Yep! We stream it through out phones. Even the free Pandora isn't bad with ads if you're listening for a few hours. With us, we use it a lot at home. So not having the commercials and "are you still listening?" nag screens was a plus.


----------



## Edd (Dec 8, 2012)

I got the Sirius lifetime subscription way back when they were offering it so I haven't paid a bill in a long time.  Mostly I listen to Stern and NPR.

My GF and I split a Pandora One subscription and I do Rhapsody also.  Music on a 3G signal sounds surprisingly good.


----------



## riverc0il (Dec 8, 2012)

I'm surprised public radio hasn't gotten more involved with satellite. It would be something worth giving them money for (i.e. radio without fund drives). I think Sirius had one channel when I got my free subscription with the new car. 

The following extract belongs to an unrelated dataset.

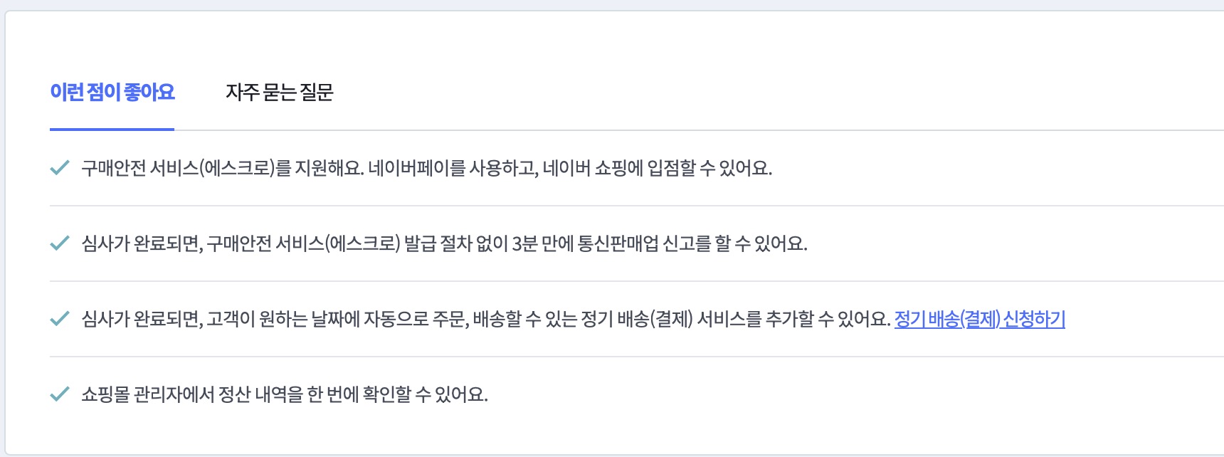 - 카페24페이먼츠를 통해 신청하면 구매안전서비스(에스크로)를 지원한다. 에스크로가 있어야 추후 네이버페이를 사용하고 네이버 쇼핑에 입점할 수 있다.

Now I podcast everything from my smart phone and use the aux in plug. For music, two SD cards in my car and I'll keep newer stuff on my phone. I get the idea of satellite radio but it is just too expensive and the channels don't have enough sub-genre depth for what they are charging.

If unlimited data plans weren't ridiculously expensive, I could see doing internet radio via phone. I think that is the future once data plans come down in price.


----------



## legalskier (Dec 8, 2012)

dmc said:


> yup... After *WNEW *and WPLJ and WAPP crap the bed...
> Those were pretty much my stations in NYC...



Remember Alison Steele, "the Night Owl"?  What a voice, she was my go to dj at night.









riverc0il said:


> Now I podcast everything from my smart phone and use the aux in plug. For music, two SD cards in my car and I'll keep newer stuff on my phone.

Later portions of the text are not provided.